Hey guys, its me again. How you doing? Well this time, I thought to talk to you about my hard work to appear normal. Yes, sometimes, I need to work really hard to appear normal, and maybe other people work hard to do the same thing too, if they have the Syndrome. I'd like to share my thoughts about this with you, and hope you can do the same thing, thanks.

Well, I'll start. Well basically, the hard work I've been putting towards appearing normal has been very exhausting sometimes. Its really hard work, just the way it sounds, and yes, its usually has never been easy. The reason why its hard work, is because there are many things you gotta pay attention to in order to appear normal to other people around you. Of course, you cant always appear 100% normal, but even appearing 90% normal is much better than 70% normal, for example, or something around that. However, there are also exceptions to the whole appearing normal idea. If I do things differently than how other people do, if its because of my special taste thanks to having the Syndrome, I dont necessarily work hard to change that. Why?
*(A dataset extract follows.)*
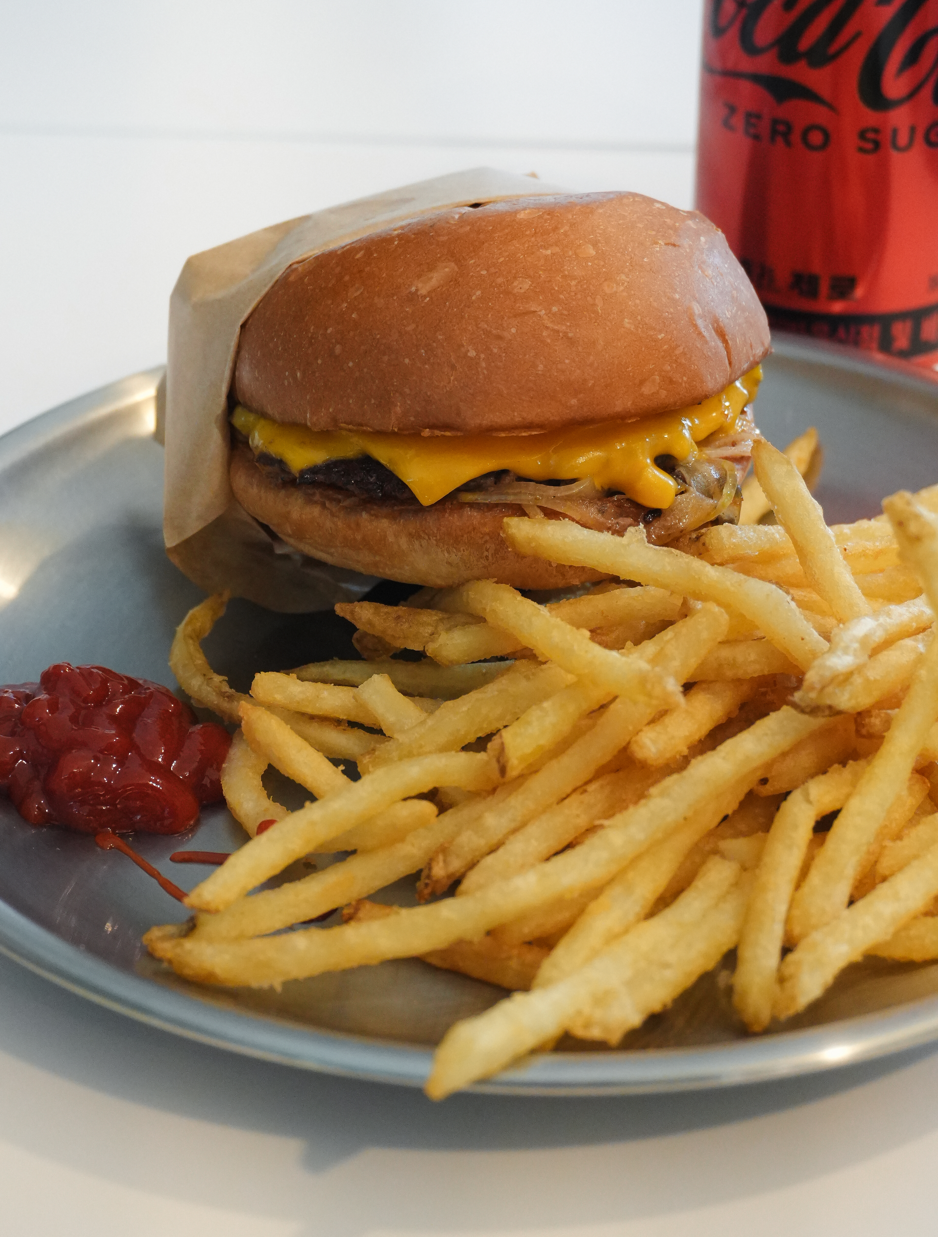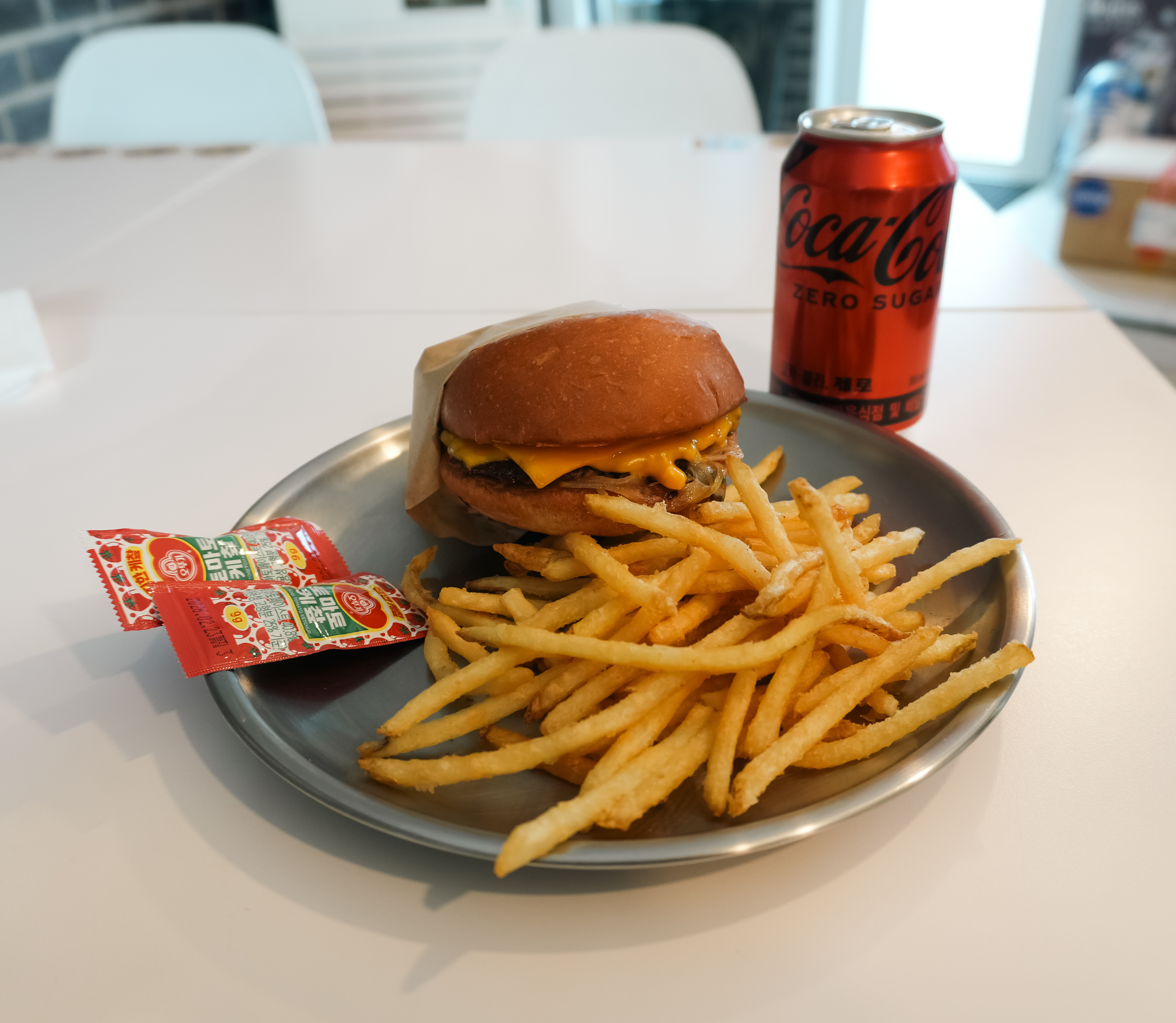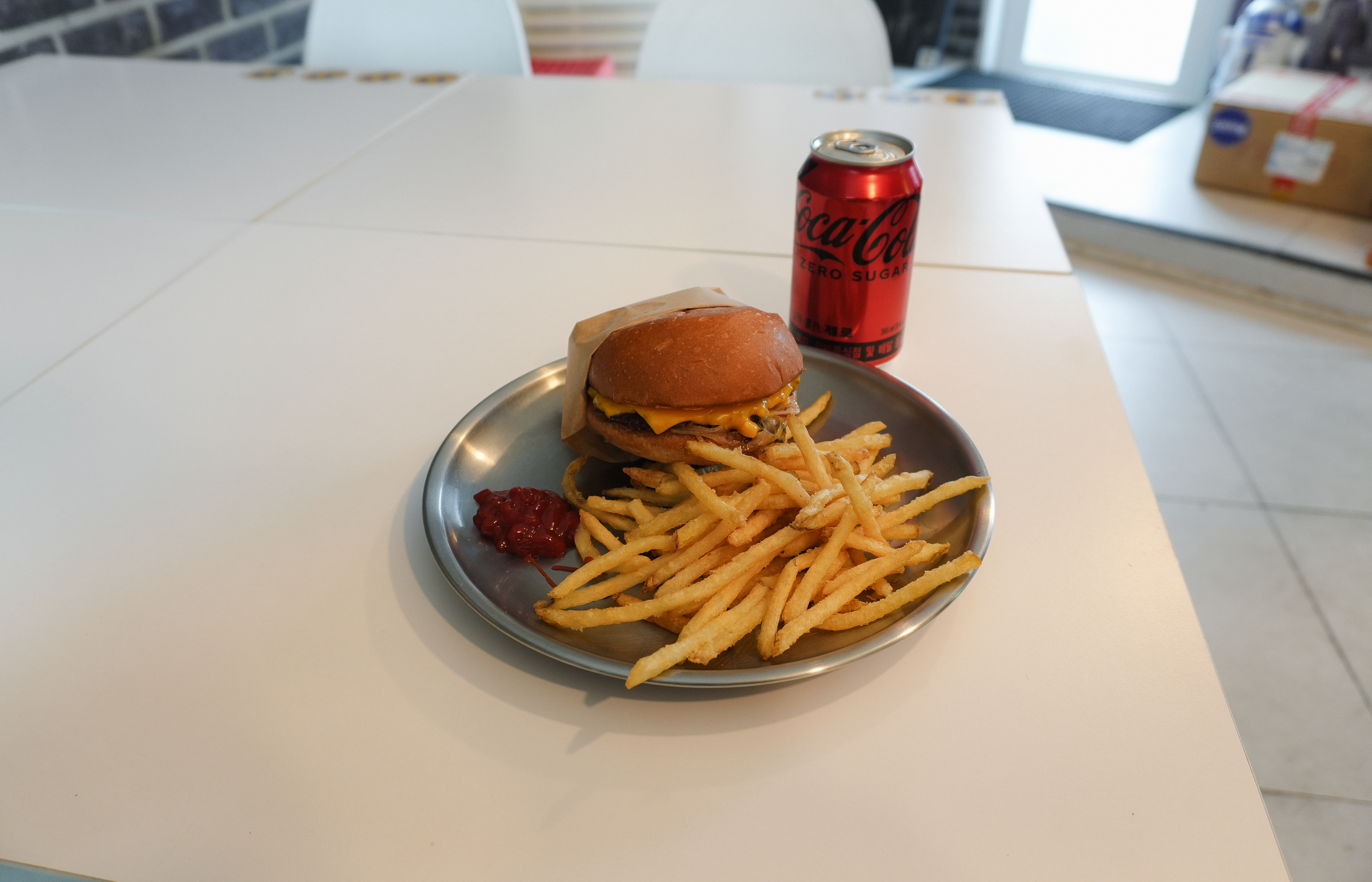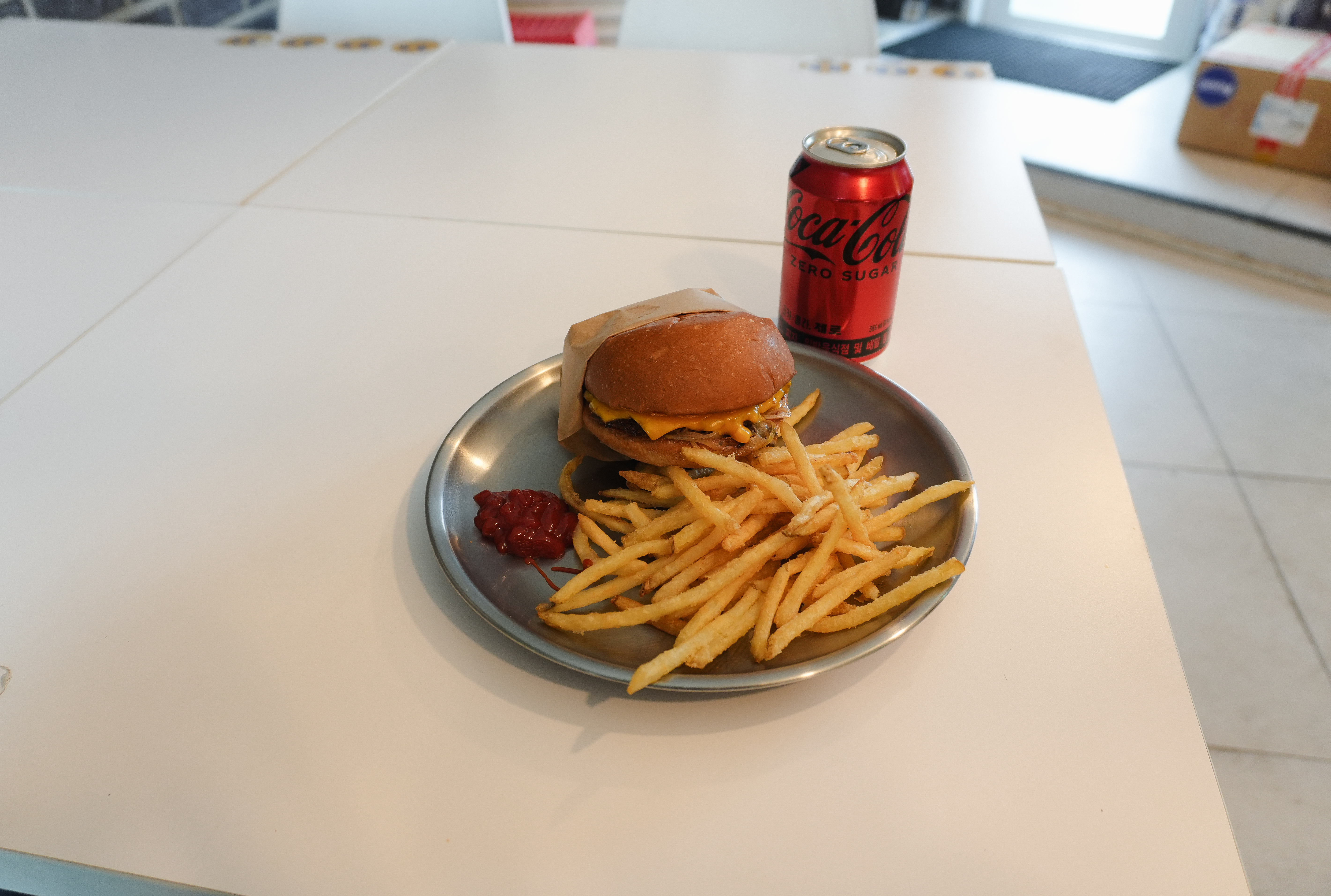 곧이어 강화 블루스버거스의 클래식 치즈버거 세트가 나왔습니다. 클래식 치즈버거 세트에는 감자튀김과 음료가 세트로 구성되어 있었는데, 저는 제로콜라와 함께 주문해서 먹었습니다.

Because difference in taste or external appearance might not always appear as something abnormal(not normal) to other people, it might just appear as a little different to them, a legitimate difference as they say. Thats why I dont work hard to appear normal in every single way possible. I mostly work hard to speak normal, behave normal, react normal, and also, react at the right time, talk at the right time, use the right words, at the correct pace, and so on. These things are important to give the other person a feeling like they're talking to a normal person, not someone who has a social problem. To this day, I might appear dull or bored/boring because I dont have much facial expressions, and I forget to smile sometimes. The whole smiling thing is also another thing I've been working hard on. But there are many other things too. So the whole working hard to appear normal idea is very important to me, I dont know what about you all. And the sad reality is, if they dont think you appear normal to them, their behavior / way of speaking with you or about you changes as well. They might even refuse to be your friend if you appear too weird to them. I dont mean to say what other people think about me matters that much, but appearing normal to me is important because I'm the kind of guy who wish he wasnt born with this Syndrome, simply because I need to work much harder to appear normal, while other people without the syndrome appear normal naturally, without having to work hard to do so.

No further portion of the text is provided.